Stored data entries:
______

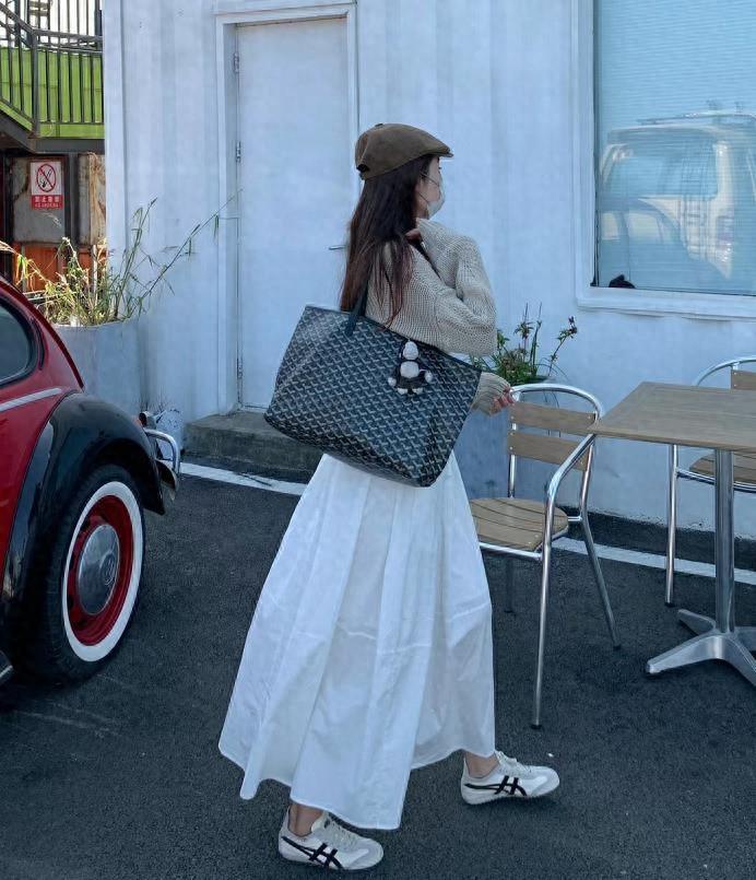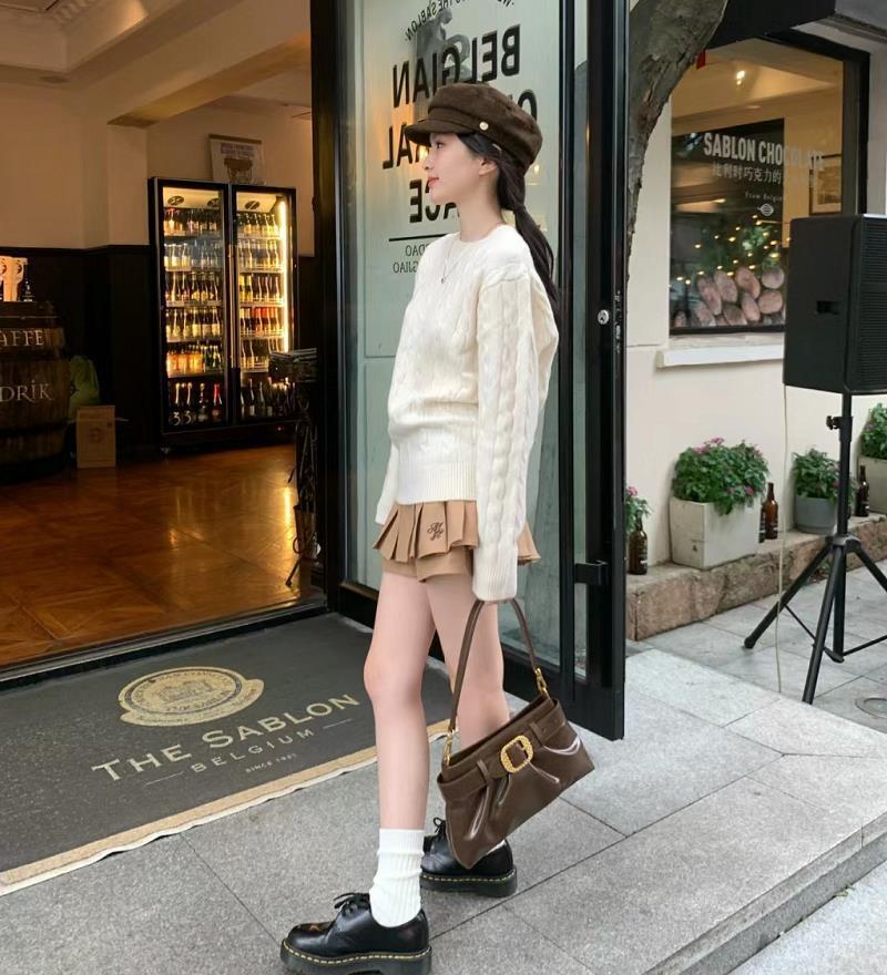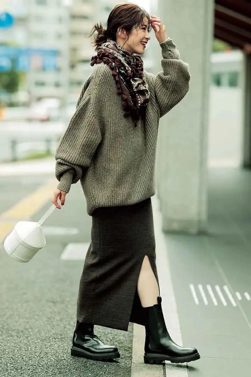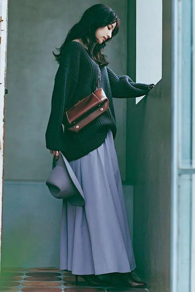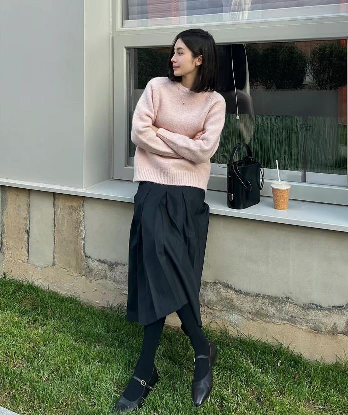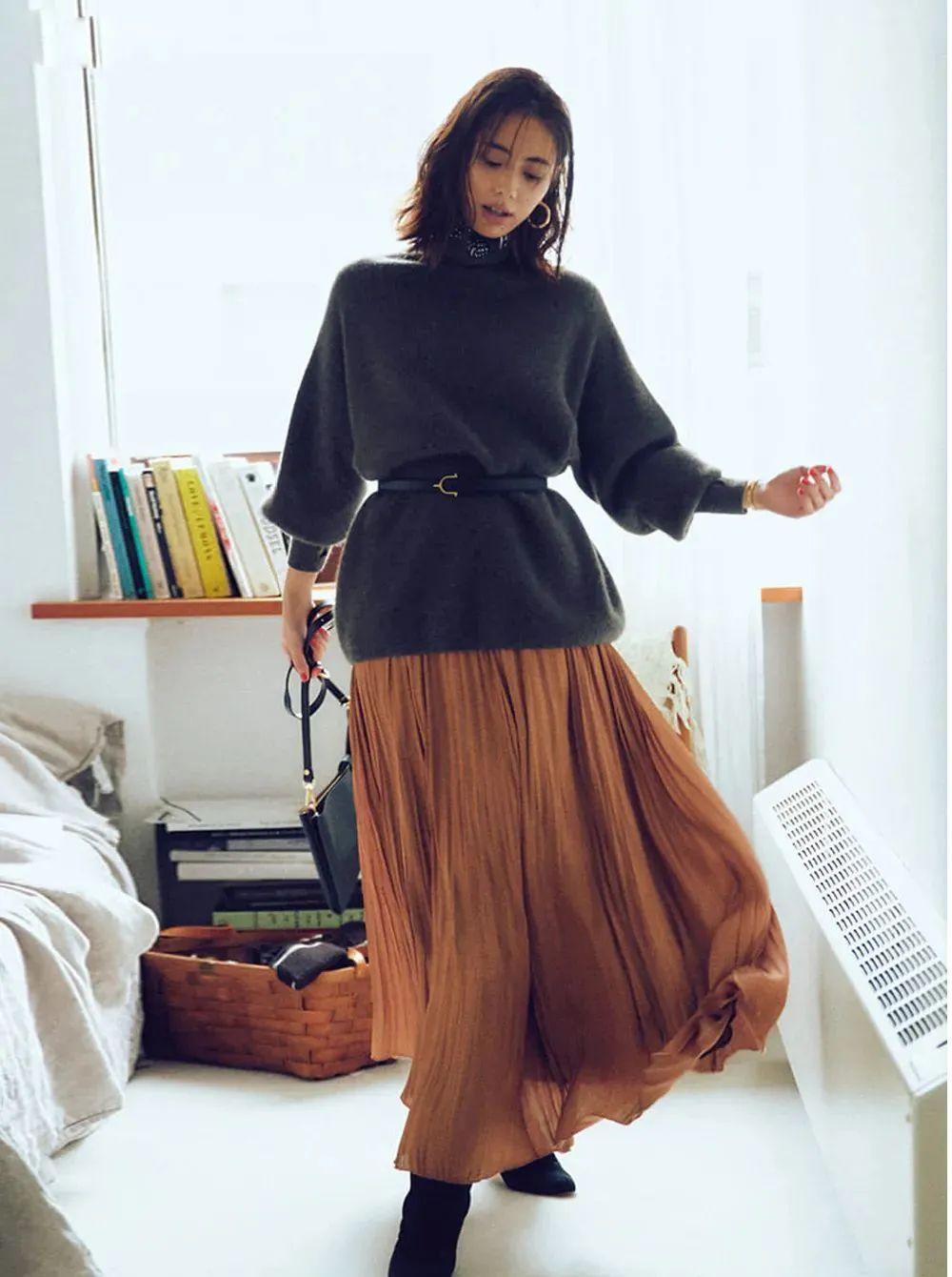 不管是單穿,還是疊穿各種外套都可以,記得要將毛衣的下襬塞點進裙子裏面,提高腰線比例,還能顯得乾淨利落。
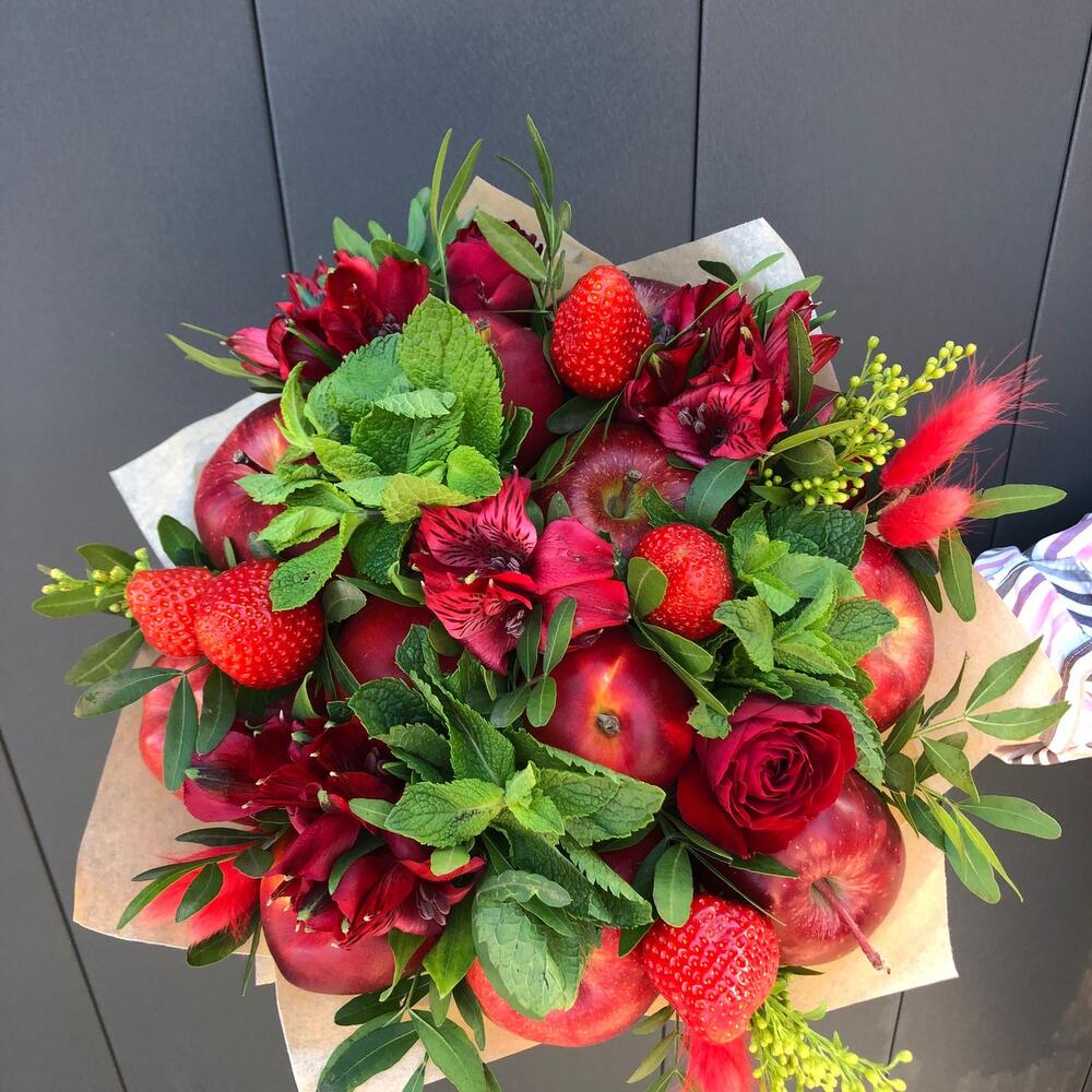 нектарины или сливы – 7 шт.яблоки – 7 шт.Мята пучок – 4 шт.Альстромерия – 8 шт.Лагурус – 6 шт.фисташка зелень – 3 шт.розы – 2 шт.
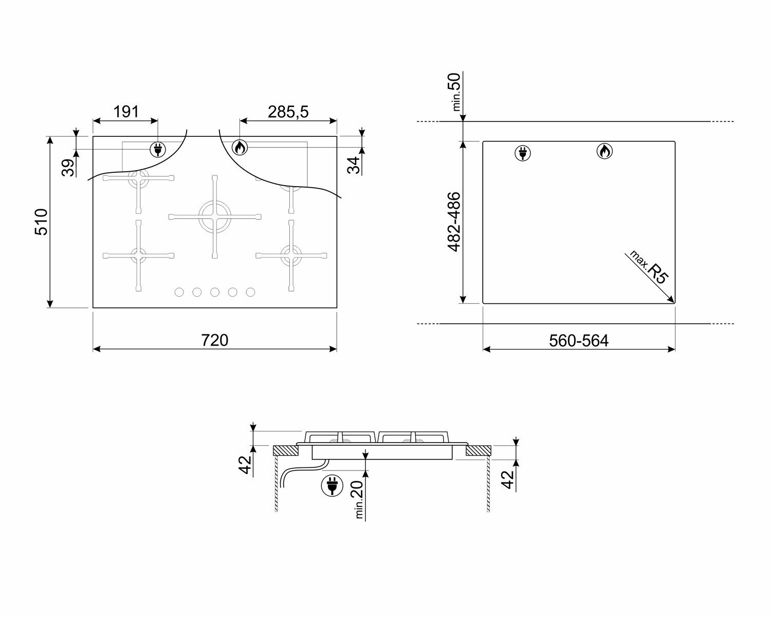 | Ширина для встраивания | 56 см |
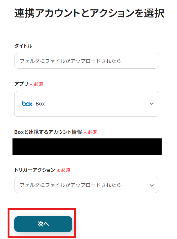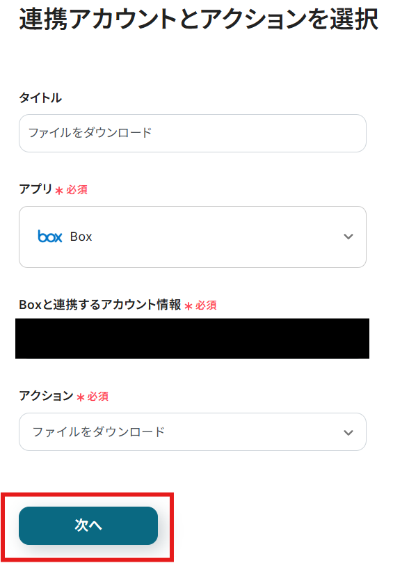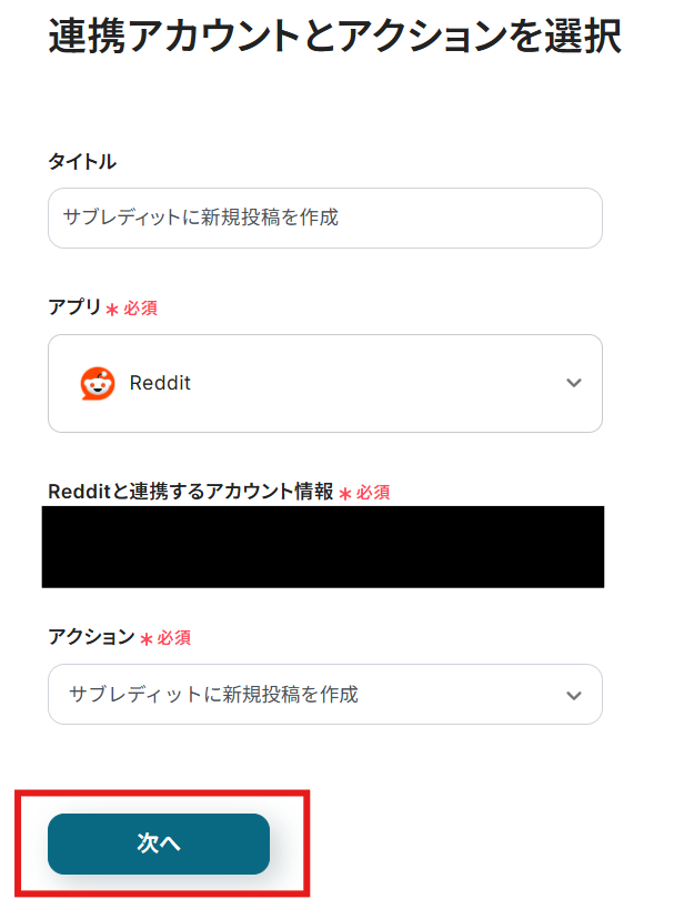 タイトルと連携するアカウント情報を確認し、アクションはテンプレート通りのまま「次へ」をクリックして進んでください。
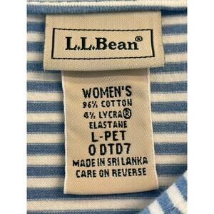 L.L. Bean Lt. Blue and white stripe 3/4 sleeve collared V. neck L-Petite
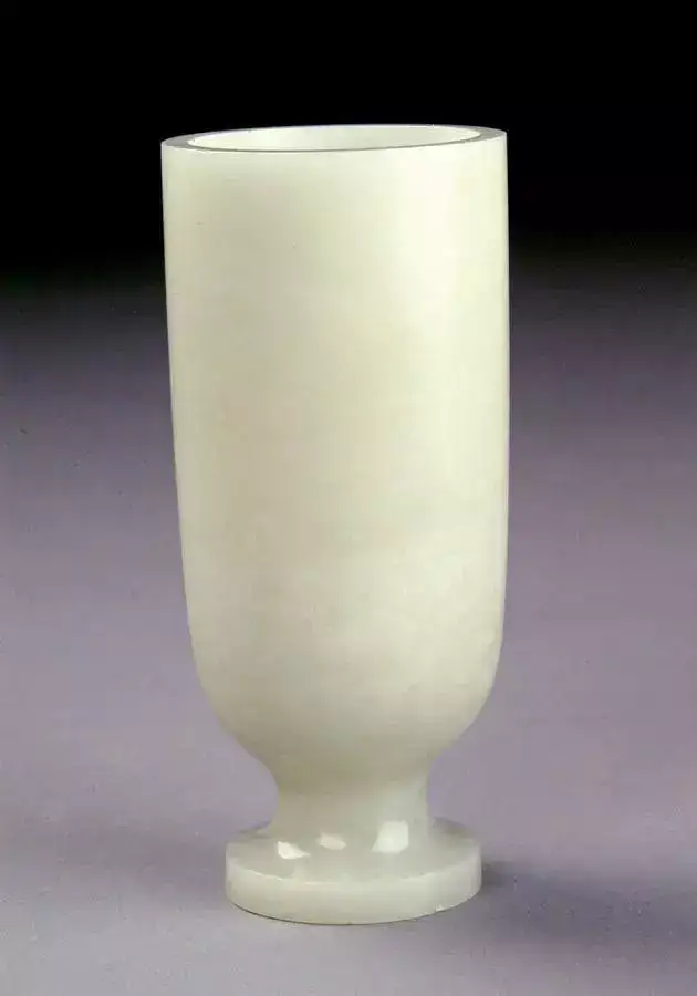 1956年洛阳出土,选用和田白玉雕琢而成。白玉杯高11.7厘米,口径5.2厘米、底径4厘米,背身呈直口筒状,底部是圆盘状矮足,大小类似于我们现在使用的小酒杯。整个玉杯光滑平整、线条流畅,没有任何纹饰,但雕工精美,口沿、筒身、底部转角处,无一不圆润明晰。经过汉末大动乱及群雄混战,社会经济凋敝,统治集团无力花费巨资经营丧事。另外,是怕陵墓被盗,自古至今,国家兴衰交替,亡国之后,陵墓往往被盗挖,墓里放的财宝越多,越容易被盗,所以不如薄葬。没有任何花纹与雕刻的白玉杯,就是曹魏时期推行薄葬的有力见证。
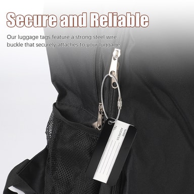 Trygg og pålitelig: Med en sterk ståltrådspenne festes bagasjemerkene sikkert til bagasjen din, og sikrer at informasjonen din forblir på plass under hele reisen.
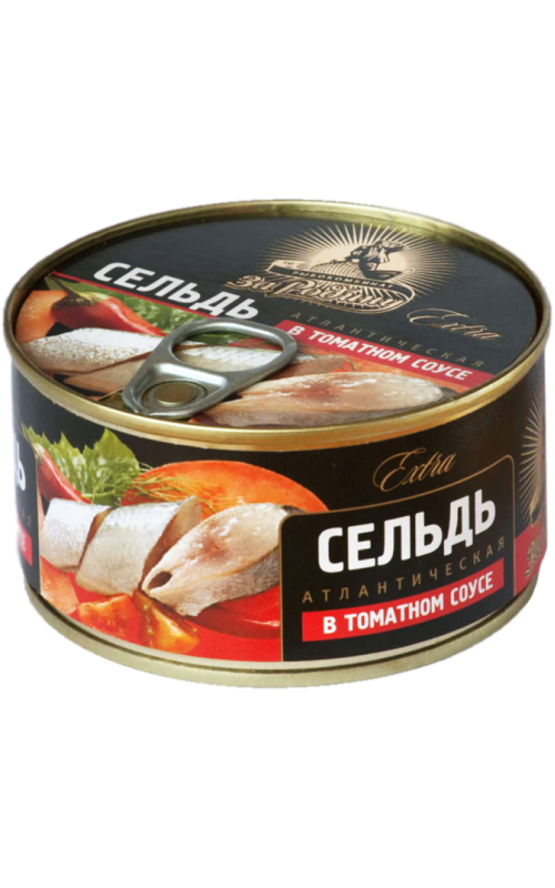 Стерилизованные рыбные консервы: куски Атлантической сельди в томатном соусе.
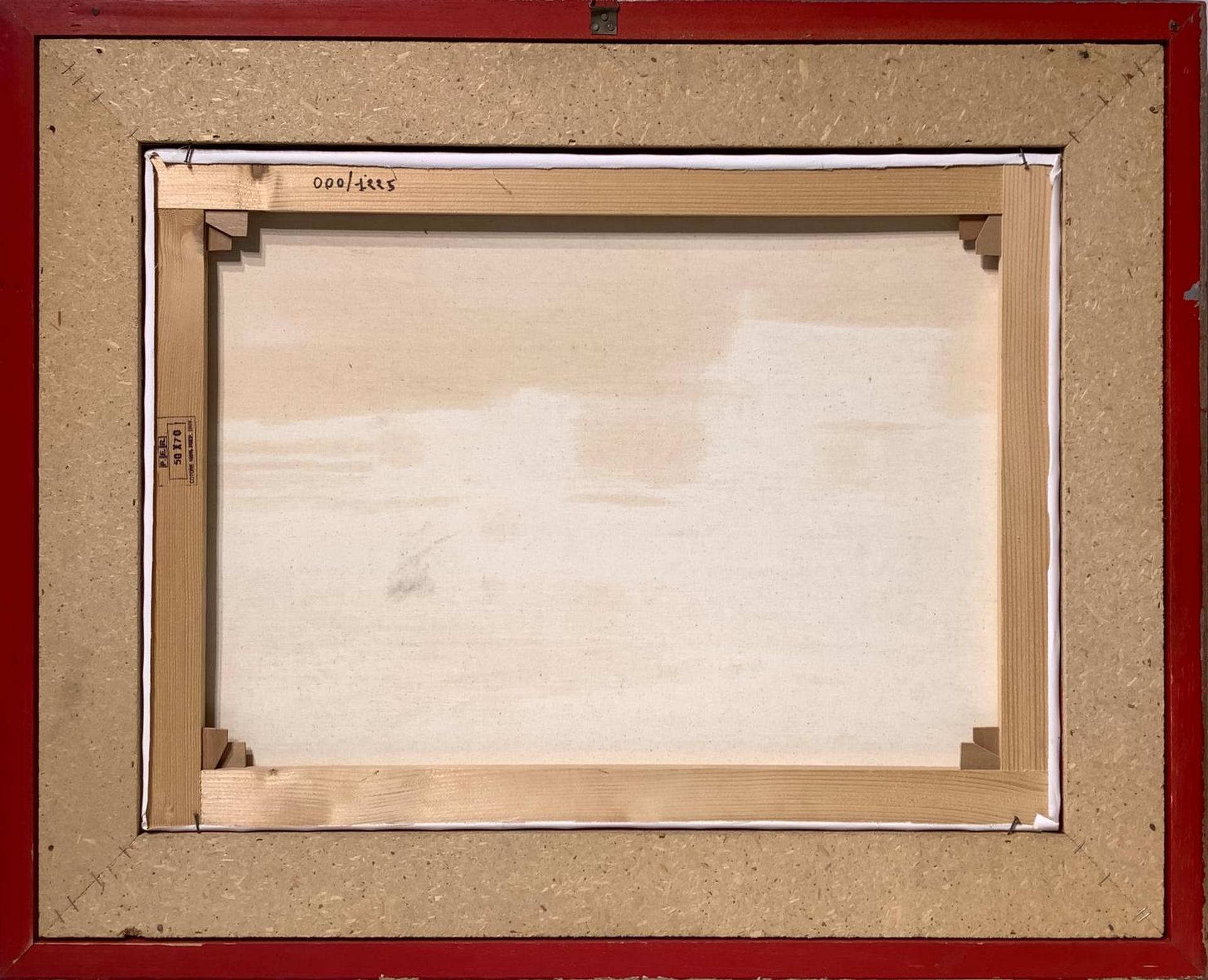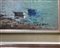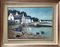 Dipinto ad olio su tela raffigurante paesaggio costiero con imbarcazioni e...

______

Task details
Copy back exactly the lines above from the one containing "タイトルと連携するアカウント" through the one containing "L.L. Bean Lt.", and leave every picture behind.

Result of this exercise
 タイトルと連携するアカウント情報を確認し、アクションはテンプレート通りのまま「次へ」をクリックして進んでください。
 L.L. Bean Lt. Blue and white stripe 3/4 sleeve collared V. neck L-Petite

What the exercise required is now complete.